Navigating New Cultures with My DHH Child

By: Anonymous

My family immigrated to Canada when I was two years old, back in the late 70s. That was almost 40 years ago! This past holiday season we decided to take the whole family back to my home country. We still have very strong ties there, most of my relatives still live there and we are in constant contact. I was thrilled at the thought of going back (it had been over a decade since I was last there) and we spent many hours planning and packing for our month long trip.


We did all of the normal preparations: gifts for the family, enough seasonally appropriate clothing, and mapping out where we wanted to spend our days and weekends. There was a little anxiety at the thought of the long haul flights with my two young children but, if I’m honest, what I was most anxious about was how to navigate my daughter’s hearing loss in a completely different culture and country. Added to that was the concern that my two children don’t speak my native language. They understand it perfectly but always reply in English.

The last time I had been back, hearing loss and equipment were far from my radar. I had no idea how many things that I take for granted here would play out. I know about the technology available here, what people’s typical reactions are and I am comfortable navigating social situations when I need to explain any accommodations my child might need. But all of these things were a complete mystery to me in relation to my home country.

All my family are aware of my daughter’s hearing loss and I am always open and forthcoming with them about her hearing levels and equipment. But somehow it’s not quite so real when you’re talking over FaceTime is it? How would they react when we were there? Would they remember that if she’s not wearing her hearing aid she may not hear them? Would they try and make eye contact? Would her cousins be gentle when the inevitable rough housing happened? What if there were questions from other kids? A million things went through my head before we finally got on that plane.

We arrived at 1am exhausted and, after a good long sleep and breakfast, I gathered the cousins and my daughter. I showed them her hearing aid.
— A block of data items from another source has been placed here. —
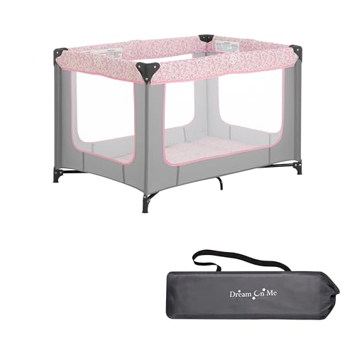 Dream On Me Zodiak Portable Playard in Grey and Pink, Lightweight, Packable and Easy Setup Baby Playard, Breathable Mesh Sides and Soft Fabric - Comes with a Removable Padded Mat
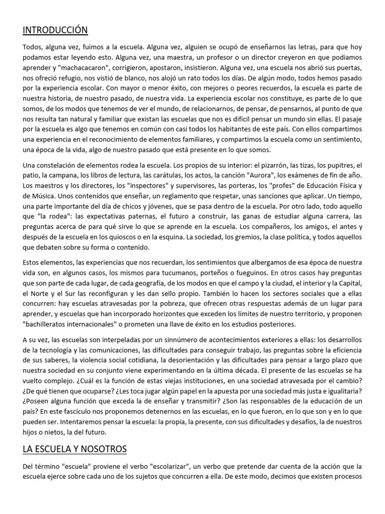 país? En este fascículo nos proponemos detenernos en las escuelas, en lo que fueron, en lo que son y en lo que
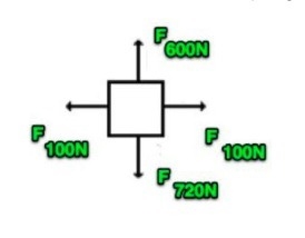 PLEASE HELP!!! THIS IS URGENT Find the net force in this Free Body Diagram: Question 7 options: 120 N downward 720 N downward 1520 N 120 N upward

I let my daughter explain in her own words (in English) why she needs it and how she puts it on. I translated everything for her (and I filled in some blanks). We asked them if they had any questions. “Can she still hear us?” I let her answer in her own words. The more forthcoming I was, the more comfortable it made everyone. It went… exactly as it would have at home, beautifully. No big deal. Then off they went to navigate the fun of play in two languages. They quickly and easily learned to communicate with each other in both languages. And if the questions came from other kids, my daughter’s cousins now had the language/ knowledge to explain to the others. Wonderful!
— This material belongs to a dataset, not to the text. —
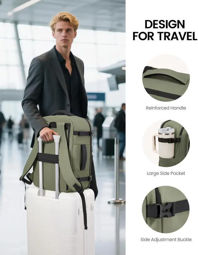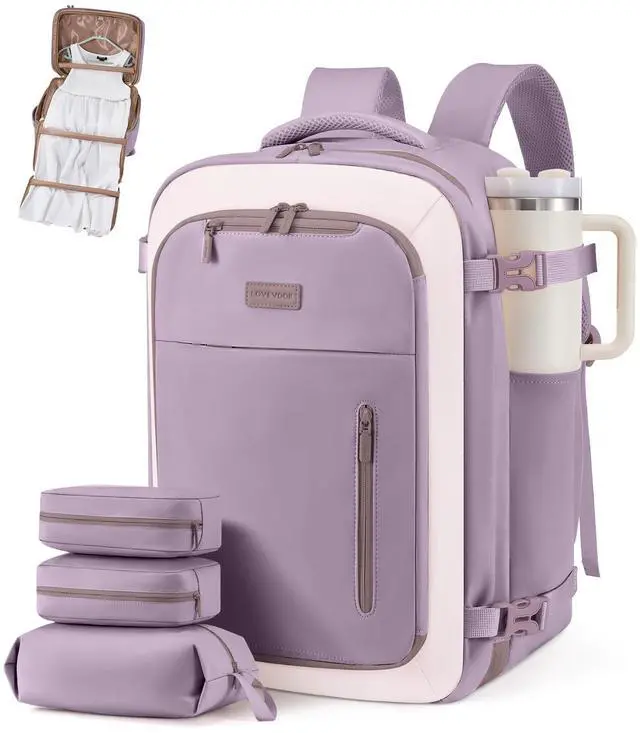 A roomy wet/dry pocket accommodates all types of toiletries, and a 40 oz. water bottle fits easily in the side pocket. ^^ Effortless Travel DesignThis backpack meets airline personal item limits. The 180 opening makes airport security checks a breeze. Securely attach your backpack to your suitcase using the luggage strap and enjoy hassle-free mobility. ^^ Durability Meets ComfortDesigned for comfort on the go, this backpack features high-quality, durable materials. It has padded shoulder pads to relieve back stress. Thick padded compartments protect laptops and tablets. ^^ Adaptable for Versatile OccasionWith sturdy side handles, this backpack offers versatile carrying optionshandheld, over-shoulder, or luggage-mounted.

Even if you have a younger child, who may not yet have the language or means to speak for themselves,  a mini intro to your child’s hearing loss/ hearing device/ accommodation needs/ communication methods in your words to others would be equally as beneficial. I always find it to be a great learning opportunity for all.

The rest of our holiday went much the same. It was really no big deal. All these moments were the same as they are here, wonderful opportunities to educate others and learn from them as well. I didn’t see any other children with hearing aids; apparently health care doesn’t cover them for children and most people don’t have the means to purchase them. I learned a lot about what hearing loss for kids looks like there, so it was an opportunity for me to educate myself too!

Here are some other tips I can offer:

  • Even if your child doesn’t speak the language, teach them some basic words to communicate with others in the target language. (I had to do this while we were on our trip, but I wish I’d done it before) Examples include, Hearing Aid, Cochlear Implant, Hearing Loss, “sorry, I can’t hear you”, “Can you please say it again?”
  • Try to educate yourself about what services/ schools or communication options are available in that country! I also wish I’d done more research on this. It would have made for even richer conversations and exchanges. “This is what it’s like in Canada, I’ve read there’s XYZ here, that’s the same/ different!”
  • Questions are great opportunities to model the language for your kids, let them hear you. This applies no matter where you are, home or away!

A lot of my anxiety quickly dissipated and we all had a great time. I had forgotten a fundamental kid truth: no matter the culture or country, kids are kids and just want to play!